Editorial: Florida's dubious death-penalty record
Published in Op Eds
Edward Zakrzewski II, 60, has spent nearly half of his life on Death Row, where next Thursday he is to be the ninth person executed in 2025, a modern one-year Florida record.
Only Gov. Ron DeSantis, who signed the death warrant, knows why he didn’t select one of the 120 other inmates who have been there longer, or why he doesn’t answer the many religious leaders who regularly plead with him to shut down what is suddenly the nation’s most active death factory.
The Florida Conference of Catholic Bishops asked DeSantis, a Catholic, for a pause and a dialogue toward “a better way to achieve the ends of justice.” “We do have the ability to protect society without killing human beings,” the bishops said.
He has not replied.
At this pace of two executions a month, DeSantis would finish his two terms having carried out 48, the most by any Florida governor since records were kept. If he’s doing it to run for president again, which he hasn’t bothered to deny, it would be revolting.
No sympathy for a killer
This is not to suggest sympathy for Zakrzewski.
He killed his entire family. His crimes were especially horrible. He pleaded guilty to slaughtering his wife Sylvia and their two children in the Panhandle town of Mary Esther in 1994. Court records show that he meant to stop her from divorcing him and taking their two young children to her native Korea.
An Air Force sergeant from Kalamazoo, Mich., Zakrzewski murdered his wife with a crowbar and a machete that he bought that day and then hacked Edward, 7, and Anna, 5, to death, one after the other, after calling them to the bathroom to brush their teeth.
But another macabre aspect to this case is the state’s doing.
Zakrzewski will be at least the 46th inmate Florida has put to death whose jury did not vote unanimously for the death penalty.

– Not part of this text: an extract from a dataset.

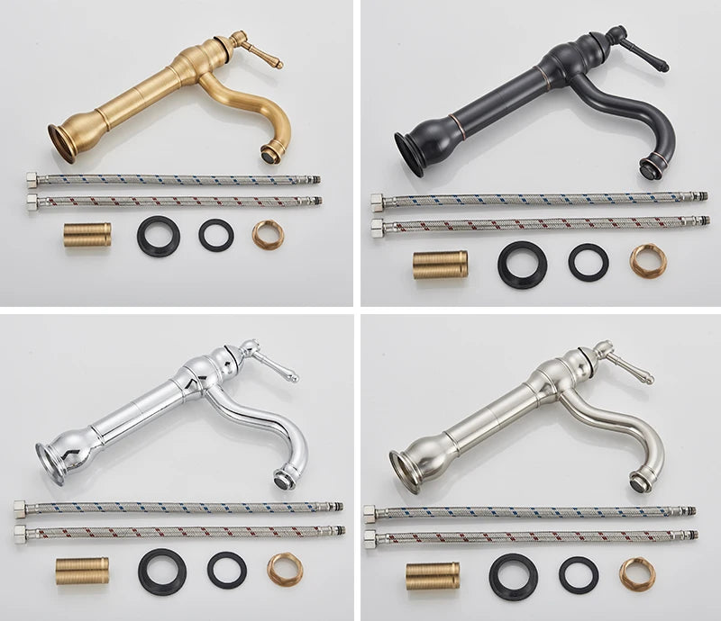 Rozin Antique Brass Basin Faucet 5 Colors Deck Mounted Single Handle Bathroom Crane Long Spout Lavatory Sink Hot Cold Mixer Tap
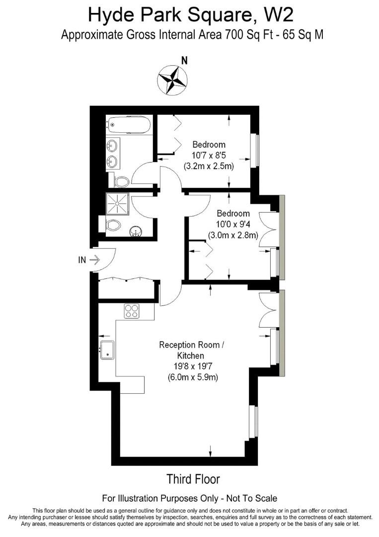 A small, 700sqft / 65 sqm but perfectly formed two Bedroom, two bathroom, 3rd floor (with lift) apartment forming part of a recently built block located on the prestigious Hyde Park Square. Connaught Village and Hyde Park are both located nearby. Offered with a long lease.

That practice is allowed in only one other state — Alabama. He would be the first since 1996 for whom so few jurors — seven of twelve — favored execution.
After a jury in Okaloosa County voted 7-5 for two of the deaths and deadlocked 6-6 for Anna’s, the judge decreed death for all three. Even three decades ago, in one of the most conservative counties in Florida, a significant number of jurors did not favor his execution.
Strikingly, Florida law now excludes the death penalty unless at least eight jurors recommend it. Alabama requires at least 10 of 12.
Non-unanimous juries
The Florida Supreme Court, which rejected Zakrzewski’s final appeal, contorts itself to avoid giving prisoners a retroactive break. Divided recommendations were legal in 1996 when he was sentenced. Judges could impose death sentences even when jurors did not vote for them.
In 2016, the U.S. Supreme Court ruled that Florida’s law was unconstitutional for not requiring a unanimous jury vote to find any of the specified aggravating circumstances that justify a death sentence rather than life in prison without parole.
But justices left it to Florida’s Supreme Court to decide whether to make that retroactive to anyone but the prisoner who was appealing, Timothy Lee Hurst, and if so, how far back. It did not require a unanimous vote on the sentence itself.
The Florida court contrived a weird and arbitrary compromise, granting new sentencing hearings only to death row prisoners whose sentences were considered final after 2002, when the U.S. court issued a decision that was a precursor to Hurst’s. More than 100 qualified, but more did not.
Zakrzewski’s sentence became final in 1999, when the U.S. Supreme Court refused to review it.
Eight of 12 in Florida
In 2017, the Florida Supreme Court said any new death sentence would require a unanimous recommendation, but it reversed itself after DeSantis replaced three retiring justices.
In 2023, the Legislature and DeSantis took the court’s hint and provided for as few as eight of 12 jurors to recommend death, the nation’s lowest death penalty jury threshold. That followed the 9-3 split that spared the confessed killer of 17 students and staff at Marjory Stoneman Douglas High School in Parkland.
The strongest argument in Zakrzewski’s final appeal was the contrast between his jury’s votes and present law, but the court dismissed it as “untimely, procedurally barred and meritless.”
Florida kills indiscriminately, unable to distinguish between someone like Zakrzewski and Michael Bell, the last person executed, who received no consideration despite having been brutalized as a teen at Florida’s notorious Dozier School for Boys.
We hold to our view that the death penalty ought to be repealed because it is arbitrary in its application, far costlier to taxpayers than life without parole, and can put innocent people to death with no way to atone for such a ghastly miscarriage of justice.
Thirty people on death row in Florida have been exonerated, far more than any other state. There can be no confidence that innocent people have not been executed. Retired Justice Gerald Kogan, who died in 2021, said he believed there had been three.
Not even its advocates still claim that it’s a deterrent. Florida had already put 33 people to death when Zakrzewski killed his family.